# Listed entries
'''

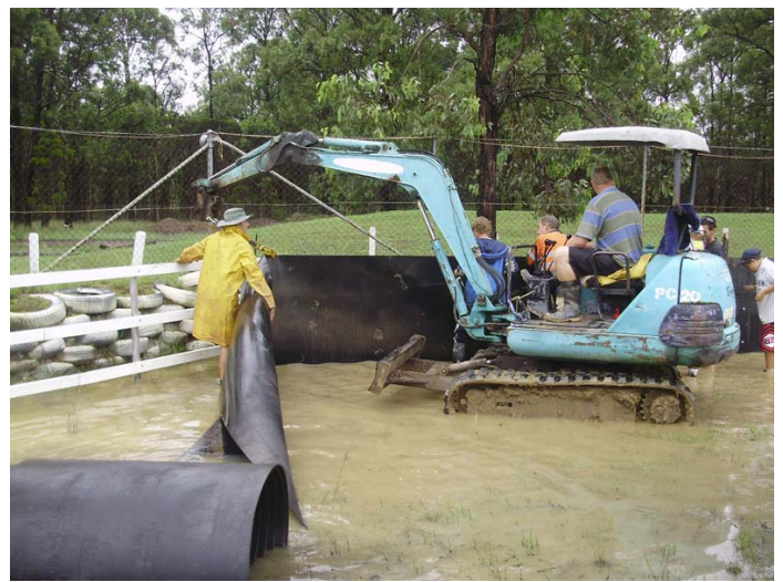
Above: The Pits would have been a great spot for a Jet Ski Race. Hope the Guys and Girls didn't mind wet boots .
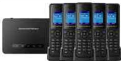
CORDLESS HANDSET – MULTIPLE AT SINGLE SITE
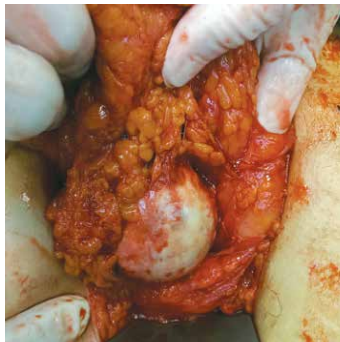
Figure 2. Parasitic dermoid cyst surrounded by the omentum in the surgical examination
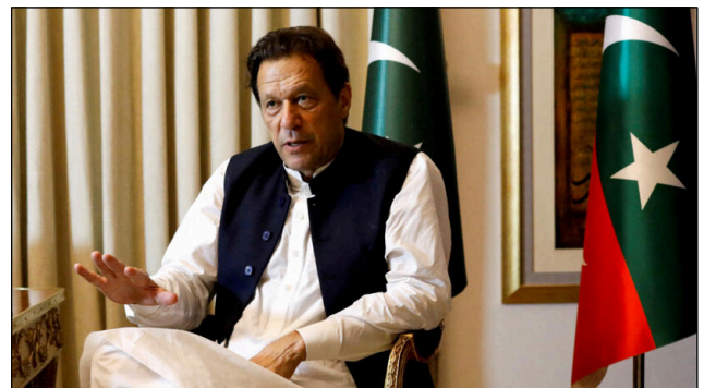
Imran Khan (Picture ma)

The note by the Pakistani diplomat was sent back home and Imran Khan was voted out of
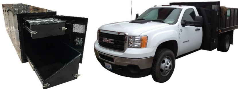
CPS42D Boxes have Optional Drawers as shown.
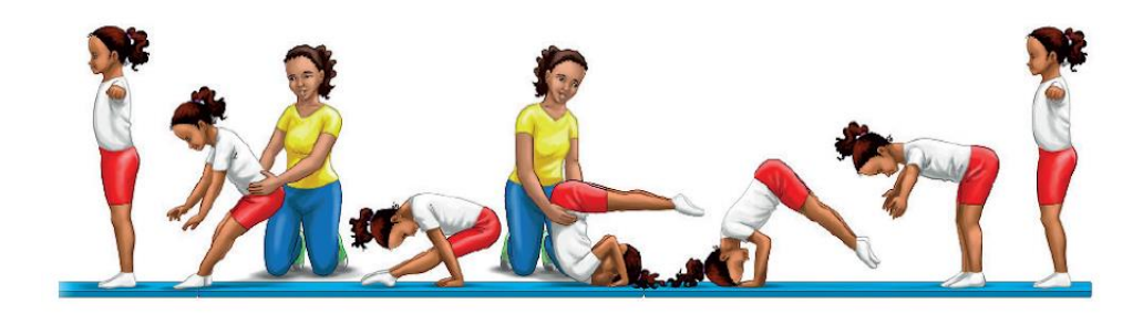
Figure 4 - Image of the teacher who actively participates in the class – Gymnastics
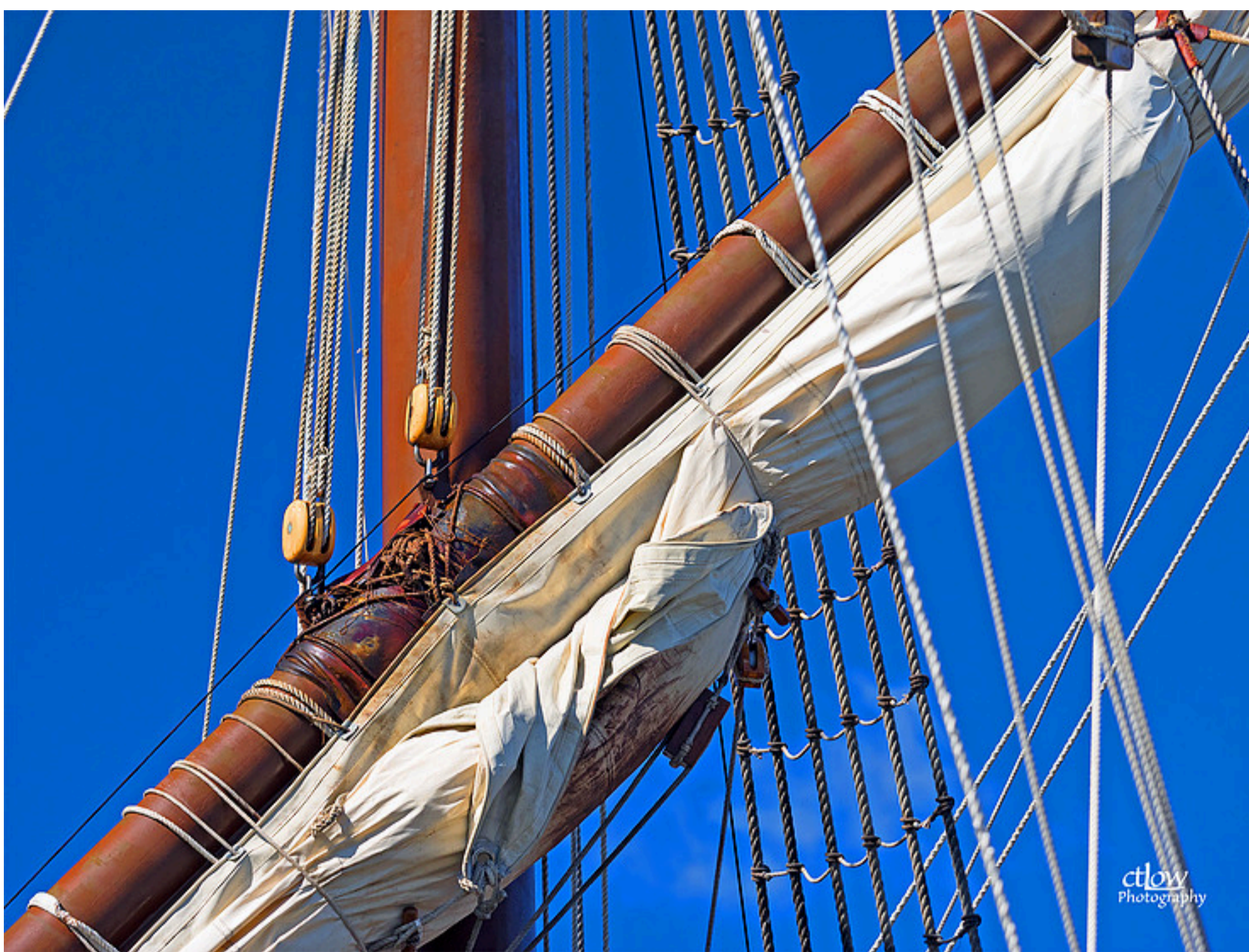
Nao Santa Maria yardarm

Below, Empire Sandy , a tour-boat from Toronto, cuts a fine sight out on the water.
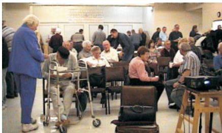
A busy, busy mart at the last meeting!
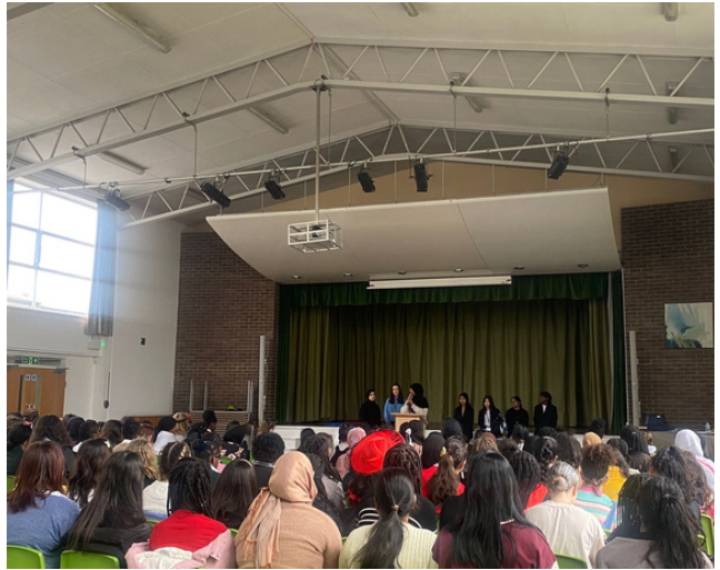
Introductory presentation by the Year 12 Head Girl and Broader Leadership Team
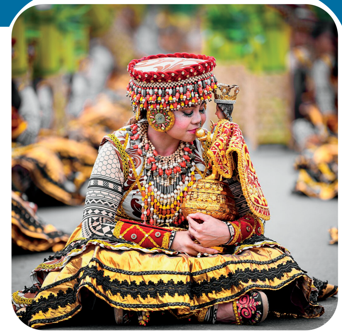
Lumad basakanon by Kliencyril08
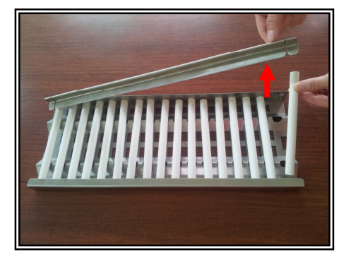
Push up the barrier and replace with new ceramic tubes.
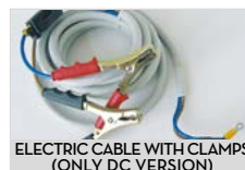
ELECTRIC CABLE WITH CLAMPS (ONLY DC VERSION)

'''
'''

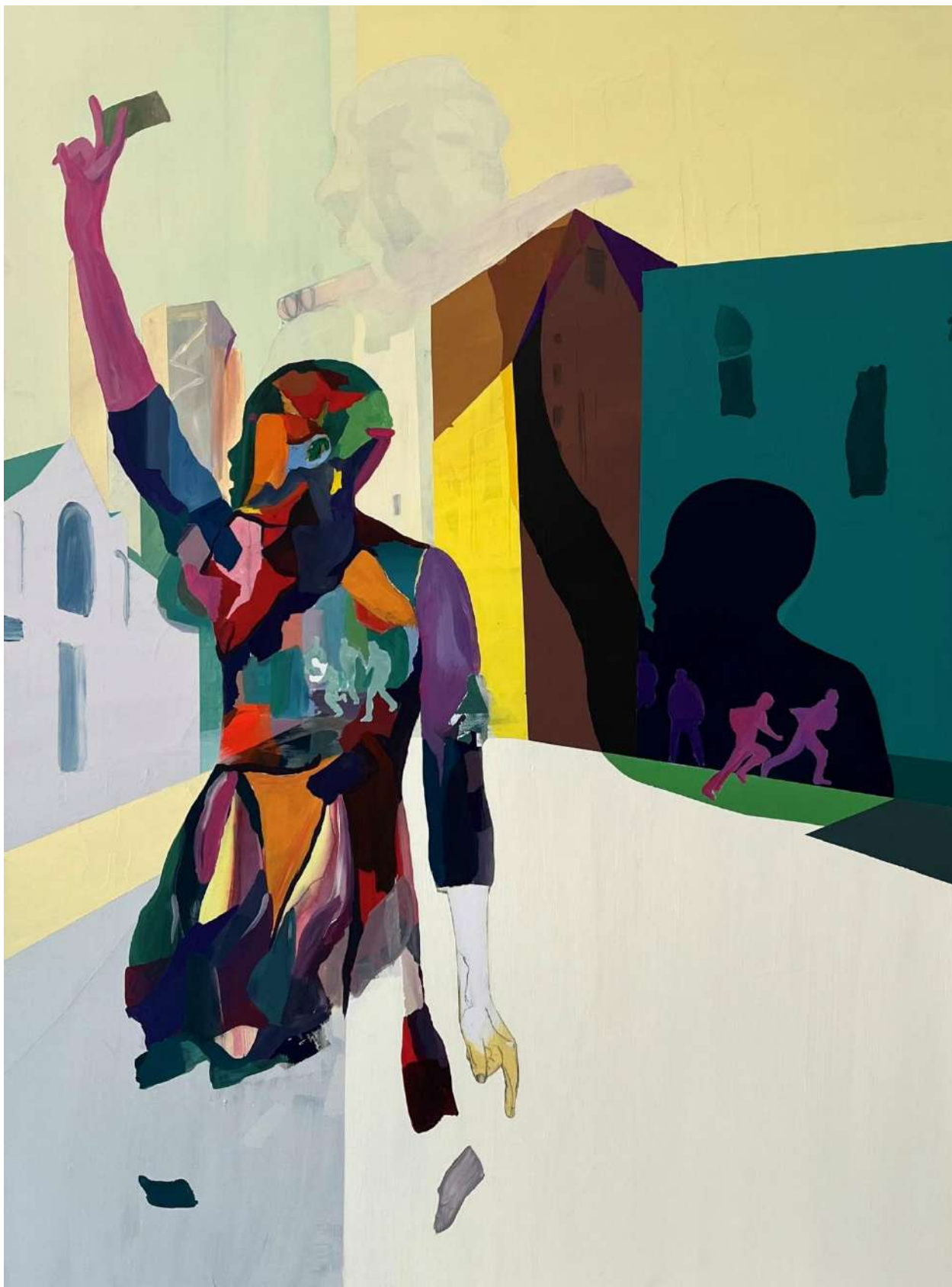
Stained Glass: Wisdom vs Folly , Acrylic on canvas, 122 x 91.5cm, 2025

'''
'''

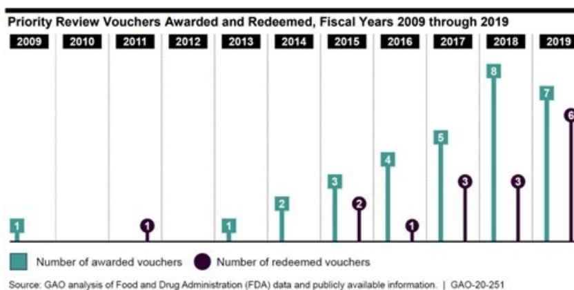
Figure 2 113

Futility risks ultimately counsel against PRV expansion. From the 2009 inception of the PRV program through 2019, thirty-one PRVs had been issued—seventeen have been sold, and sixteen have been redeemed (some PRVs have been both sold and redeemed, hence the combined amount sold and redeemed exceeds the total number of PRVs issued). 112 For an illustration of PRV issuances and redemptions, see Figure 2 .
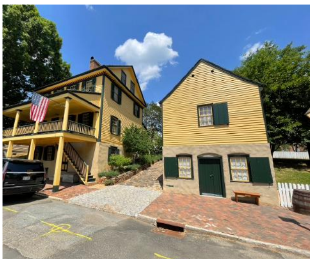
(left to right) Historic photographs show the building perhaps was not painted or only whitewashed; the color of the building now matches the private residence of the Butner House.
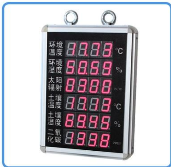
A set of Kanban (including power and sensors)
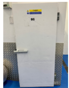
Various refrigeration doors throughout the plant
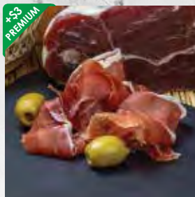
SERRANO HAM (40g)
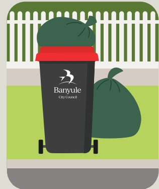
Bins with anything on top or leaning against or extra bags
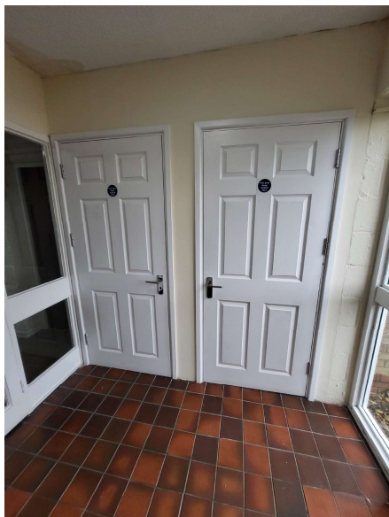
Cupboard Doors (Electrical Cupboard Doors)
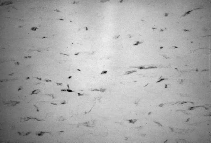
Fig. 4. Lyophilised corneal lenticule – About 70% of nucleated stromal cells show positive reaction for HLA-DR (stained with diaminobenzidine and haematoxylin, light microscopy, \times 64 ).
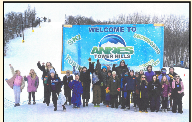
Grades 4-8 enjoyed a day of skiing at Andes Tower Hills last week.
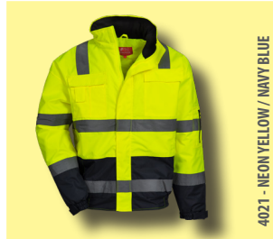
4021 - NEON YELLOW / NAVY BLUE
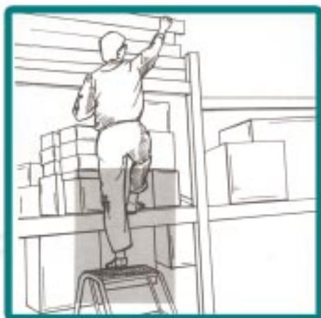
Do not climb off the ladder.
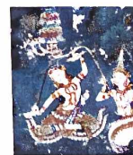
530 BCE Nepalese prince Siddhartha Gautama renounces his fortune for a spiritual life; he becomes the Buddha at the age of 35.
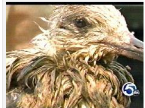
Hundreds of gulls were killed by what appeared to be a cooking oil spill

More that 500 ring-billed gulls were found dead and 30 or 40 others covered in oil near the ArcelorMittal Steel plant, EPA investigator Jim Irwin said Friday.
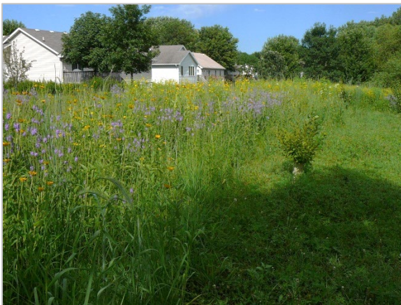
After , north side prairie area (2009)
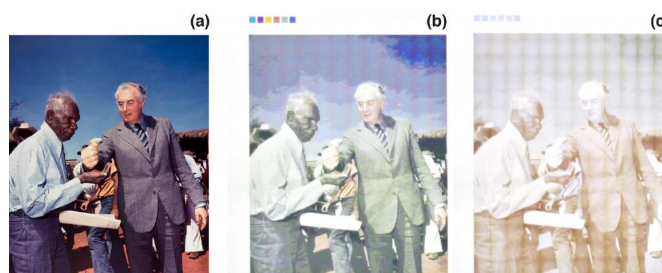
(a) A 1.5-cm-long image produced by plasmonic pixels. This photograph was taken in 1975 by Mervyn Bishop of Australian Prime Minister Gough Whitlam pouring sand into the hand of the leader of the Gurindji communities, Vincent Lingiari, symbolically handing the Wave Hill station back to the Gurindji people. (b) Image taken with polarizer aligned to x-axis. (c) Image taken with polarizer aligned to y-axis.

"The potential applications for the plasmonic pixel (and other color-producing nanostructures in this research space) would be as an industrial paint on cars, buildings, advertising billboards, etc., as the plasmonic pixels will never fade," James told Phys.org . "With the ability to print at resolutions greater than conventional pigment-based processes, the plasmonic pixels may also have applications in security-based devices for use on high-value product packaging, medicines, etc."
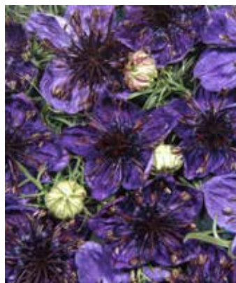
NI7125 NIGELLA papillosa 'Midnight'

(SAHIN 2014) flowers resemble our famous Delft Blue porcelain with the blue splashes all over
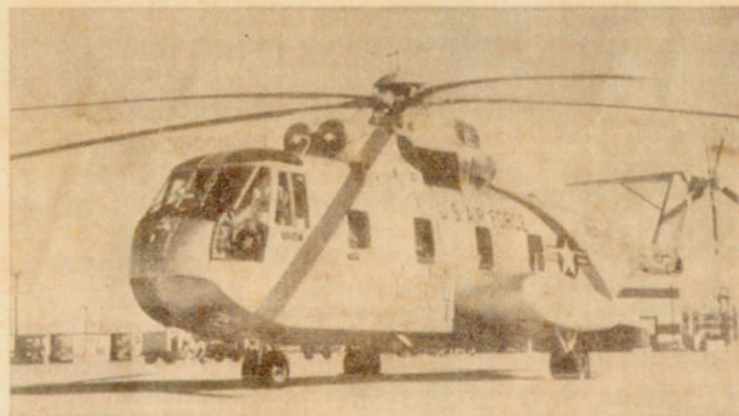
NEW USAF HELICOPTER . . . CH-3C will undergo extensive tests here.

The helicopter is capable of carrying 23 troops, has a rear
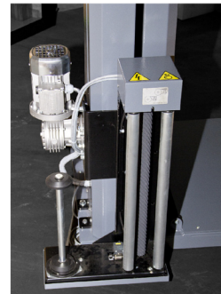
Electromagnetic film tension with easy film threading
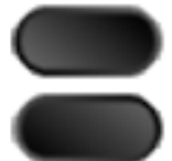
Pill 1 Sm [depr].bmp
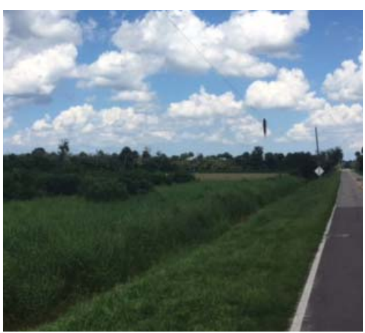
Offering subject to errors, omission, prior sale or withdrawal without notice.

'''

# Prompt
Everything from the line with "CPS42D Boxes have Optional Drawers as shown." down to the line with "ELECTRIC CABLE WITH CLAMPS (ONLY DC VERSION)" in the data above should be copied exactly, with both end lines kept and the pictures left out.

# Result of the exercise
CPS42D Boxes have Optional Drawers as shown.
Figure 4 - Image of the teacher who actively participates in the class – Gymnastics
Nao Santa Maria yardarm

Below, Empire Sandy , a tour-boat from Toronto, cuts a fine sight out on the water.
A busy, busy mart at the last meeting!
Introductory presentation by the Year 12 Head Girl and Broader Leadership Team
Lumad basakanon by Kliencyril08
Push up the barrier and replace with new ceramic tubes.
ELECTRIC CABLE WITH CLAMPS (ONLY DC VERSION)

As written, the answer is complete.